Why does TCP socket slow down if done in multiple system calls?

Why is the following code slow? And by slow I mean 100x-1000x slow. It just repeatedly performs read/write directly on a TCP socket. The curious part is that it remains slow only if I use two function calls for both read AND write as shown below. If I change either the server or the client code to use a single function call (as in the comments), it becomes super fast.

Code snippet:

int main(...) {
  int sock = ...; // open TCP socket
  int i;
  char buf[100000];
  for(i=0;i<2000;++i)
  { if(amServer)
    { write(sock,buf,10);
      // read(sock,buf,20);
      read(sock,buf,10);
      read(sock,buf,10);
    }else
    { read(sock,buf,10);
      // write(sock,buf,20);
      write(sock,buf,10);
      write(sock,buf,10);
    }
  }
  close(sock);
}

We stumbled on this in a larger program, that was actually using stdio buffering. It mysteriously became sluggish the moment payload size exceeded the buffer size by a small margin. Then I did some digging around with strace, and finally boiled the problem down to this. I can solve this by fooling around with buffering strategy, but I'd really like to know what on earth is going on here. On my machine, it goes from 0.030 s to over a minute on my machine (tested both locally and over remote machines) when I change the two read calls to a single call.

These tests were done on various Linux distros, and various kernel versions.
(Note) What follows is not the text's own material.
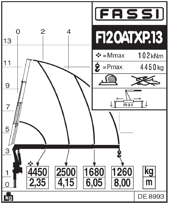 Модель манипулятора FASSI F120ATXP.13 создана специально для работы в составе машины эвакуатора – для подъема сломанных или неправильно припаркованных автомобилей массой до 2500 кг. Конструкция манипулятора обеспечивает грузоподъемность 1260 кг на максимальном вылете стрелы 8,00 м, что позволяет поднимать автомобили из второго ряда, а компактное транспортное положение в комплекте со складным пауком позволяет складывать стрелу крана за кабиной и перевозить сломанный автомобиль на дальние расстояния без опасности повреждения его крыши пауком, и без нарушения габаритов по высоте. Возможны варианты управления – снизу с двух сторон или дистанционное радио управление.

Same result.

Fully runnable code with networking boilerplate:

#include <netdb.h>
#include <stdbool.h>
#include <stdio.h>
#include <string.h>
#include <unistd.h>
#include <netinet/ip.h>
#include <sys/types.h>
#include <sys/socket.h>
#include <netinet/in.h>
#include <netinet/tcp.h>

static int getsockaddr(const char* name,const char* port, struct sockaddr* res)
{
    struct addrinfo* list;
    if(getaddrinfo(name,port,NULL,&list) < 0) return -1;
    for(;list!=NULL && list->ai_family!=AF_INET;list=list->ai_next);
    if(!list) return -1;
    memcpy(res,list->ai_addr,list->ai_addrlen);
    freeaddrinfo(list);
    return 0;
}
// used as sock=tcpConnect(...); ...; close(sock);
static int tcpConnect(struct sockaddr_in* sa)
{
    int outsock;
    if((outsock=socket(AF_INET,SOCK_STREAM,0))<0) return -1;
    if(connect(outsock,(struct sockaddr*)sa,sizeof(*sa))<0) return -1;
    return outsock;
}
int tcpConnectTo(const char* server, const char* port)
{
    struct sockaddr_in sa;
    if(getsockaddr(server,port,(struct sockaddr*)&sa)<0) return -1;
    int sock=tcpConnect(&sa); if(sock<0) return -1;
    return sock;
}

int tcpListenAny(const char* portn)
{
    in_port_t port;
    int outsock;
    if(sscanf(portn,"%hu",&port)<1) return -1;
    if((outsock=socket(AF_INET,SOCK_STREAM,0))<0) return -1;
    int reuse = 1;
    if(setsockopt(outsock,SOL_SOCKET,SO_REUSEADDR,
              (const char*)&reuse,sizeof(reuse))<0) return fprintf(stderr,"setsockopt() failed\n"),-1;
    struct sockaddr_in sa = { .sin_family=AF_INET, .sin_port=htons(port)
                  , .sin_addr={INADDR_ANY} };
    if(bind(outsock,(struct sockaddr*)&sa,sizeof(sa))<0) return fprintf(stderr,"Bind failed\n"),-1;
    if(listen(outsock,SOMAXCONN)<0) return fprintf(stderr,"Listen failed\n"),-1;
    return outsock;
}

int tcpAccept(const char* port)
{
    int listenSock, sock;
    listenSock = tcpListenAny(port);
    if((sock=accept(listenSock,0,0))<0) return fprintf(stderr,"Accept failed\n"),-1;
    close(listenSock);
    return sock;
}

void writeLoop(int fd,const char* buf,size_t n)
{
    // Don't even bother incrementing buffer pointer
    while(n) n-=write(fd,buf,n);
}
void readLoop(int fd,char* buf,size_t n)
{
    while(n) n-=read(fd,buf,n);
}
int main(int argc,char* argv[])
{
    if(argc<3)
    { fprintf(stderr,"Usage: round {server_addr|--} port\n");
        return -1;
    }
    bool amServer = (strcmp("--",argv[1])==0);
    int sock;
    if(amServer) sock=tcpAccept(argv[2]);
    else sock=tcpConnectTo(argv[1],argv[2]);
    if(sock<0) { fprintf(stderr,"Connection failed\n"); return -1; }

    int i;
    char buf[100000] = { 0 };
    for(i=0;i<4000;++i)
    {
        if(amServer)
        { writeLoop(sock,buf,10);
            readLoop(sock,buf,20);
            //readLoop(sock,buf,10);
            //readLoop(sock,buf,10);
        }else
        { readLoop(sock,buf,10);
            writeLoop(sock,buf,20);
            //writeLoop(sock,buf,10);
            //writeLoop(sock,buf,10);
        }
    }

    close(sock);
    return 0;
}

EDIT: This version is slightly different from the other snippet in that it reads/writes in a loop. So in this version, two separate writes automatically causes two separate read() calls, even if readLoop is called only once. But otherwise the problem still remains.

like image 370
Samee Avatar asked Aug 28 '15 15:08

Samee


People also ask

Why TCP connection is slow?

The magnitude of these TCP network delays depends on hardware speed, the load of the network and server, the size of the request and response messages, and the distance between client and server. The delays also are significantly affected by technical intricacies of the TCP protocol.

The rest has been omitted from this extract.